The year 2025 hasn’t been very kind to Amazon. Its stock has dropped more than 20% so far, following the overall market downturn. According to analysts at Wells Fargo, Amazon has even hit the brakes on some new data center projects. This is interesting because just weeks ago, CEO Andy Jassy had said there were no plans to slow down on data center expansion.

In contrast, Costco Wholesale is showing strength. Its stock is up by around 7% this year close to the gains it made in the first four months of 2024. So while Amazon struggles, Costco seems to be holding strong. But when it comes to investing, which is actually the better stock to buy right now? The answer isn’t what you might expect.

Costco’s Edge in a Tough Economy

Costco is doing better than Amazon in 2025 mainly because it’s less affected by the current economic challenges. The Trump administration’s new tariffs have made investors worry about rising prices and a slower economy.

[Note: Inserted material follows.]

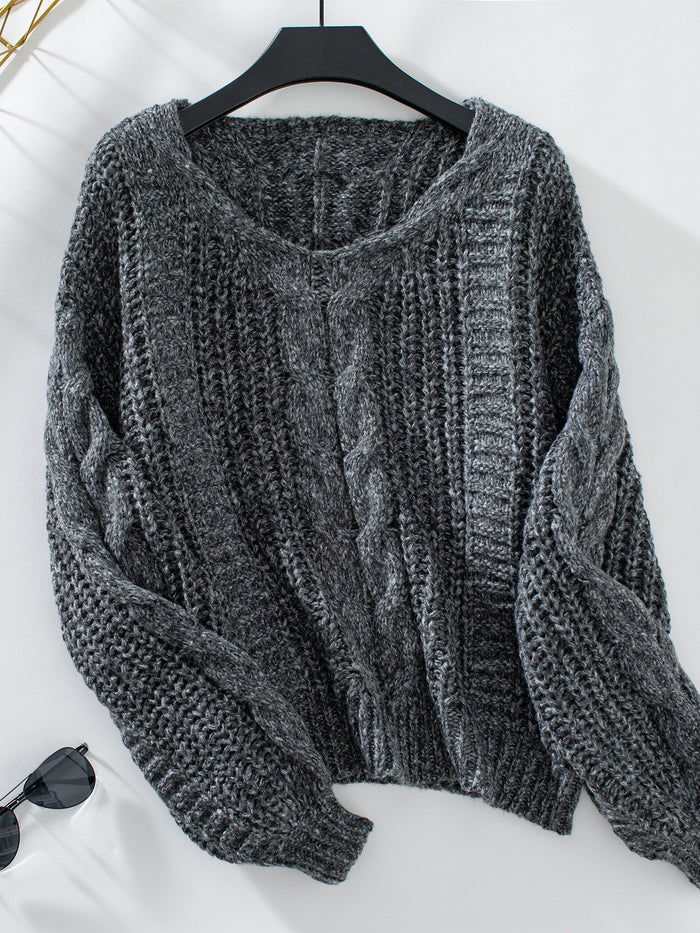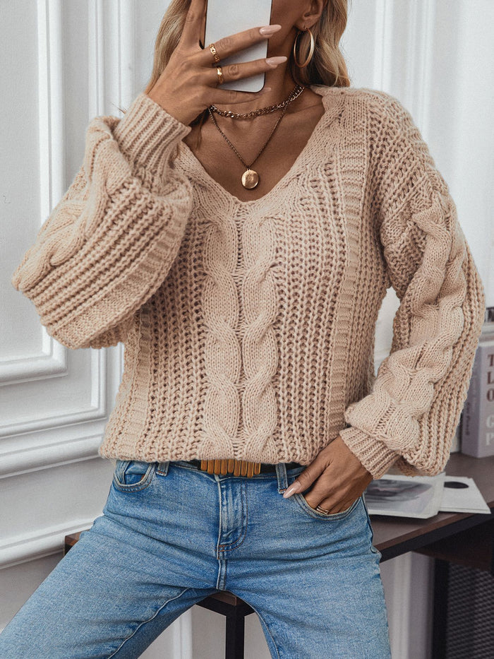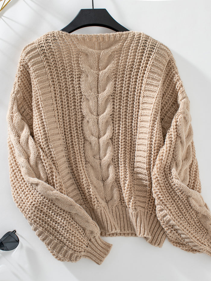 Solid Color Retro Loose Lantern Sleeve Kink Sweater

Of course, Costco isn’t completely untouched by tariffs. In its fiscal 2025 Q2 earnings call back in March 2025, CEO Ron Vachris mentioned that about one-third of Costco’s U.S. sales come from imported products. But he also pointed out that less than half of those imports are from China, Canada, or Mexico the countries facing the highest tariff hikes.

Vachris also said the company is ready to

“minimize the impact” of any added costs on its customers. He added, “In uncertain times, our members have historically placed even greater importance on the value of high-quality items at great prices.”

That kind of resilience is exactly what investors look for when markets get rough. It’s why Costco is considered a safe place to park money during uncertain times.

Amazon’s Strength: Growth and Innovation

Costco may be the more stable option in the short term, but Amazon shines when it comes to long-term growth. In its latest quarterly report, Amazon’s revenue rose 10% year over year. Costco’s sales also grew, but slightly less at 9.1%. That’s still impressive for both companies but let’s dig deeper.

Amazon’s net income nearly doubled to $20 billion in Q1. Meanwhile, Costco’s profits only grew by 2.6%. Analysts expect Amazon’s earnings to rise another 19.6% next year, while Costco is projected to grow at about 10.7%. Why the gap? Amazon simply has more ways to grow. From expanding its core business to exploring new ones, Amazon is built for scale.

It’s investing heavily in artificial intelligence (AI), entering healthcare, and even owns Zoox a self-driving vehicle startup that could boom if robotaxis take off. On top of that. Amazon’s Project Kuiper is expected to launch soon, bringing high-speed internet via satellite to the world. Costco doesn’t have these kinds of growth channels. That makes Amazon the more exciting option for long-term investors.

The Surprising Reason Amazon Wins

So, why might Amazon be the better stock to buy right now? It all comes down to value and this might catch you off guard. Amazon has always been the kind of stock that looks pricey by traditional metrics, yet it kept climbing. But today, it’s a different story. Compared to Costco, Amazon actually looks cheap.

Amazon’s forward price-to-earnings ratio is 26.2. That might sound a bit high until you see that Costco’s is 54.4. In my view, Amazon’s projected growth makes its valuation reasonable. On the other hand, Costco’s valuation looks too stretched based on its slower earnings growth. Costco might continue to outperform in the near term. But if you’re thinking long term say, the next ten years my pick is Amazon, both in theory and in practice.